- ABOUT THIS EXERCISE
Among the entries that follow, locate the line with "Pentikin lasimaljakko, kauniit" and the line with "All points must". Output those lines and all lines in between, exactly, minus the pictures.
BEGIN RECORDS FOR PROCESSING
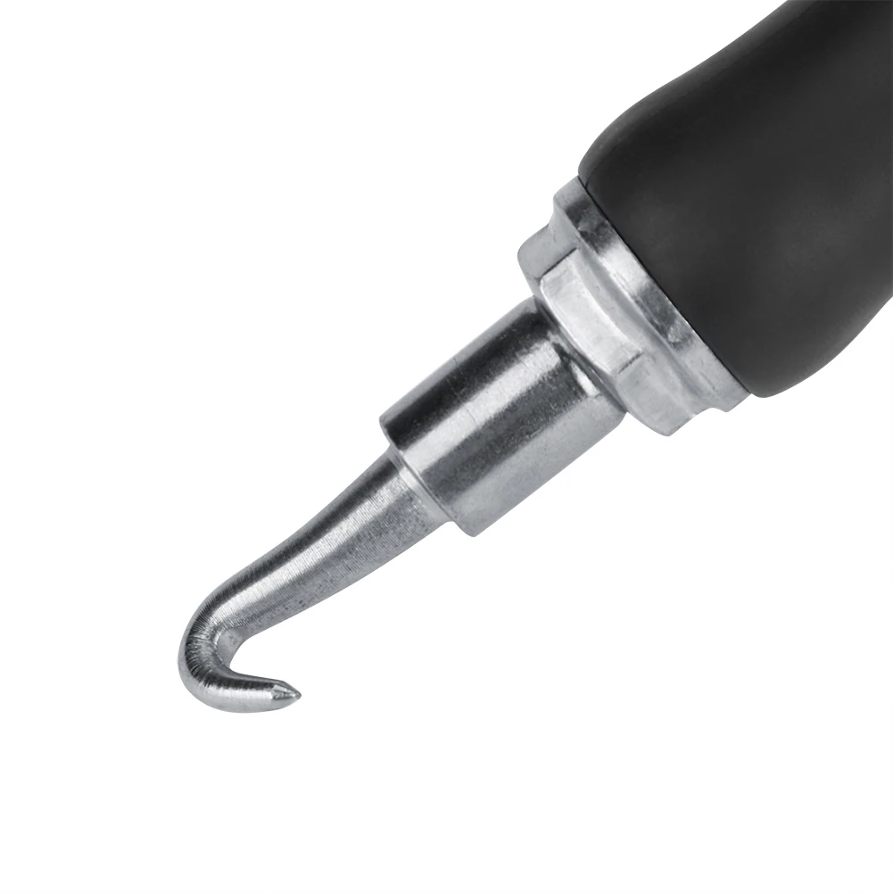 Стальной крючок износостойкий и прочный, мягкая пластиковая ручка удобна для захвата.
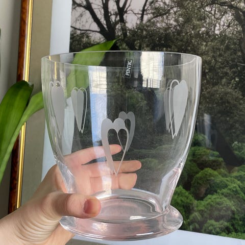 Pentikin lasimaljakko, kauniit suupuhalletut kuviot. Korkeus 20 cm.
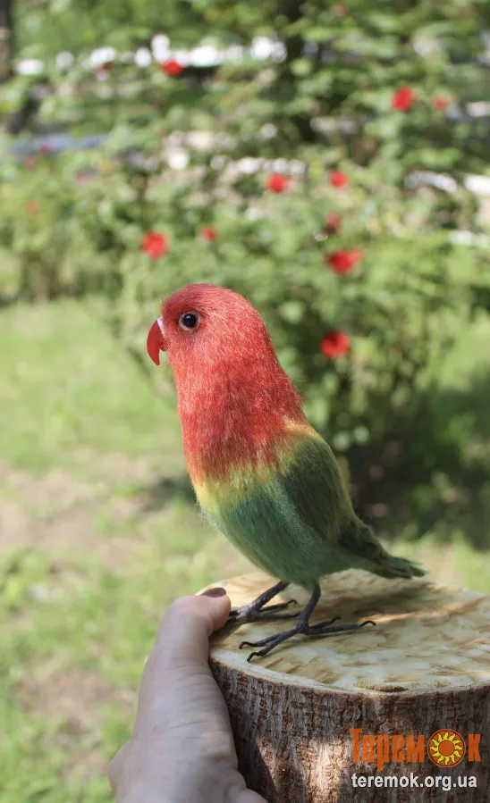 Неразлучник папуга іграшка валяна з шерсті інтерєрний попугай войлочний
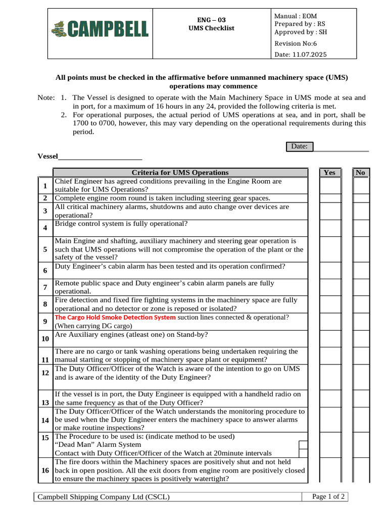 All points must be checked in the affirmative before unmanned machinery space (UMS)
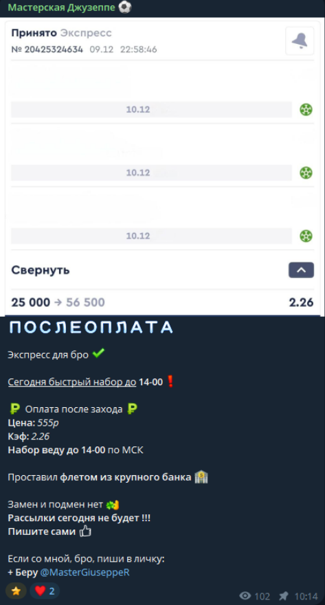 Платный формат представлен экспрессами по постоплате, цена от 555 рублей. ВИП-чат отсутствует, гарантия прибыли не заявлена. Отчеты публикуются в виде скринов купонов и текстовых итогов, но без проверки статистики такие результаты нельзя считать надежными. Рекламы БК и прямой схемы заработка через контору не выявлено.
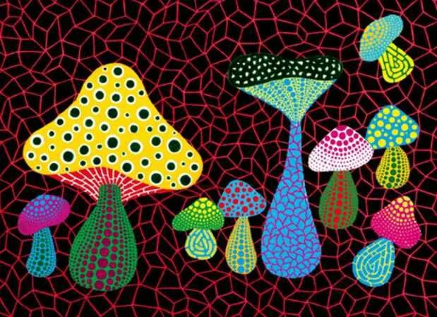 Yayoi Kusama "Mushrooms" (2005), acrylic on canvas.
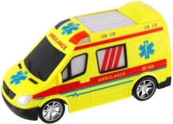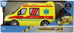 Ambulancia amarilla llamativa con detalles de AMBULANCE y luz funcional para fomentar el juego creativo de los pequeños rescatistas.
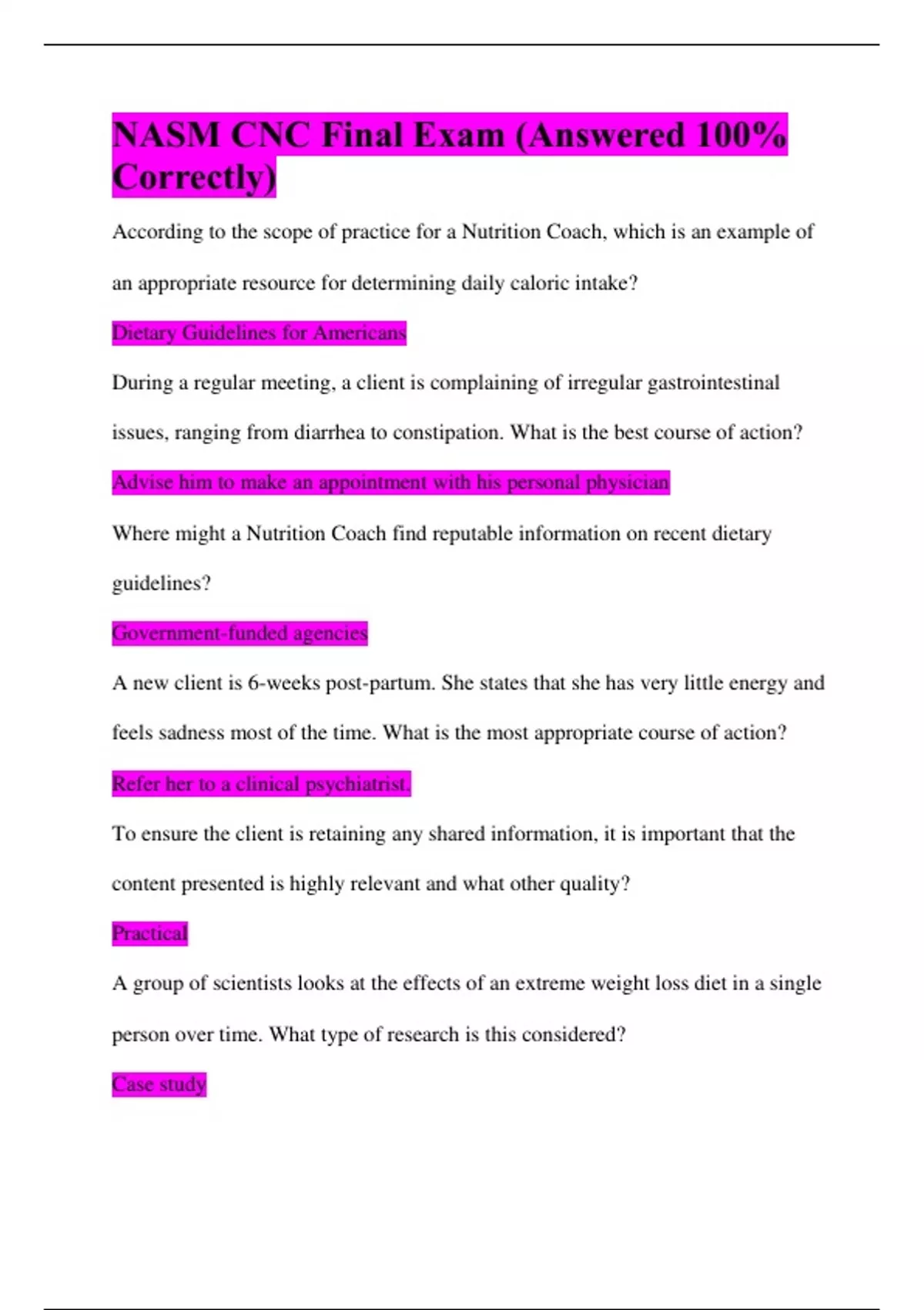 NASM CNC Final Exam (Answered 100% Correctly) According to the scope of practice for a Nutrition Coach, which is an example of an appropriate resource for determining daily caloric intake? Dietary Guidelines for Americans During a regular meeting, a client is complaining of irregular gastrointestinal issues, ranging from diarrhea to constipation. What is the best course of action? Advise him to make an appointment with his personal physician Where might a Nutrition Coach find reputable information on recent dietary guidelines? Government-funded agencies A new client is 6-weeks post-partum. She states that she has very little energy and feels sadness most of the time. What is the most appropriate course of action? Refer her to a clinical psychiatrist. To ensure the client is retaining any shared information, it is important that the content presented is highly relevant and what other quality? Practical A group of scientists looks at the effects of an extreme weight loss diet in a single person over time. What type of research is this considered? Case study Scientists perform a study comparing 1000 women with breast cancer to 1000 women without breast cancer. They gather information on the women's diets and look to see if the women diagnosed with breast cancer had more fat in their diet compared to the women who did not get cancer. Which term best describes this study? Case-control study Scientists find that a protein supplement increases lean mass in the elderly. However, they caution that the results may not apply to other populations, like younger people. What term best describes what the scientists are referring to?
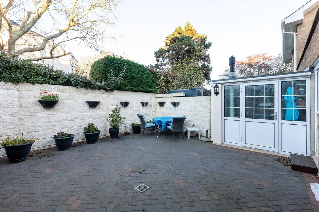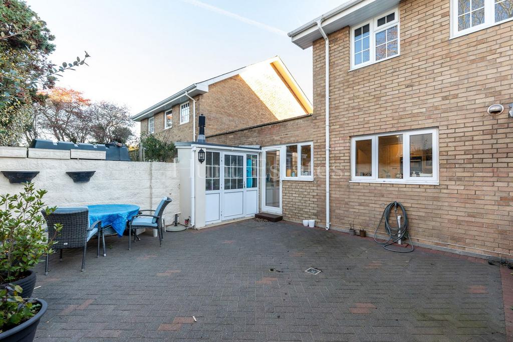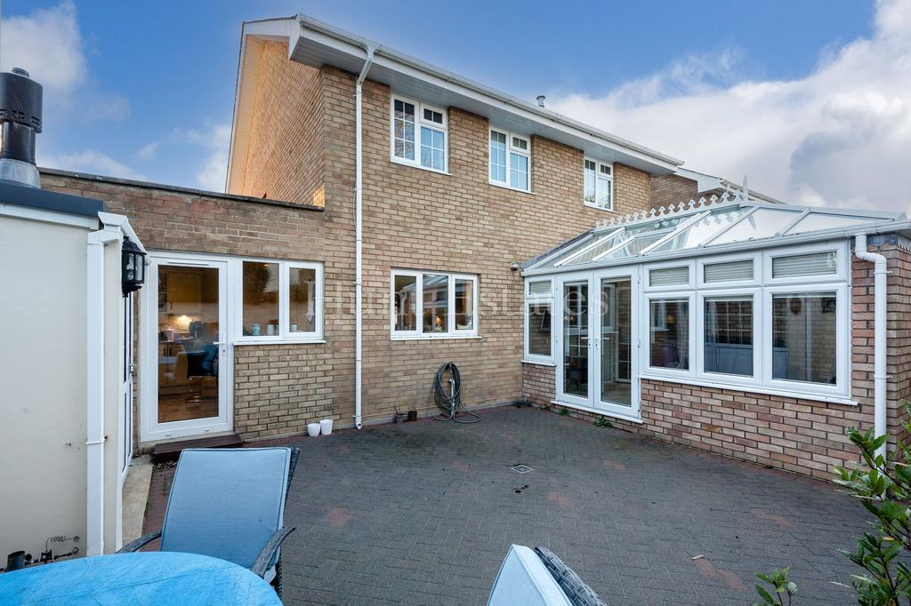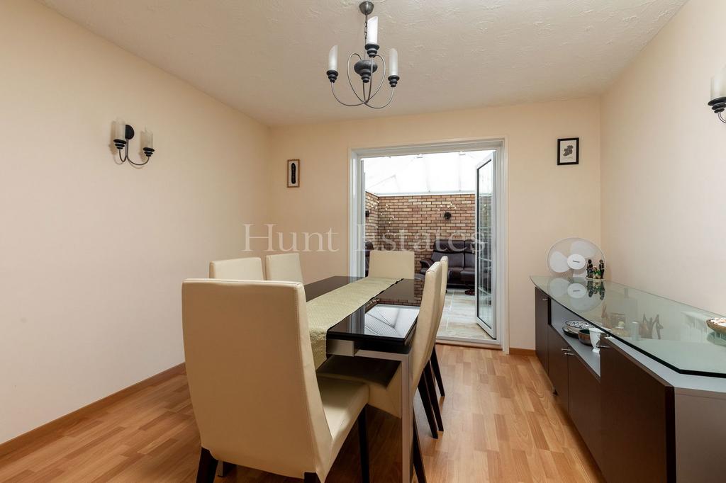 Externally, the property enjoys a low-maintenance enclosed patio garden to the rear, perfectly suited for outdoor dining and family time, along with a small lawned garden to the front. Parking is provided for two vehicles, in addition to the single garage.
END RECORDS FOR PROCESSING
- RESPONSE
 Pentikin lasimaljakko, kauniit suupuhalletut kuviot. Korkeus 20 cm.
 Неразлучник папуга іграшка валяна з шерсті інтерєрний попугай войлочний
 All points must be checked in the affirmative before unmanned machinery space (UMS)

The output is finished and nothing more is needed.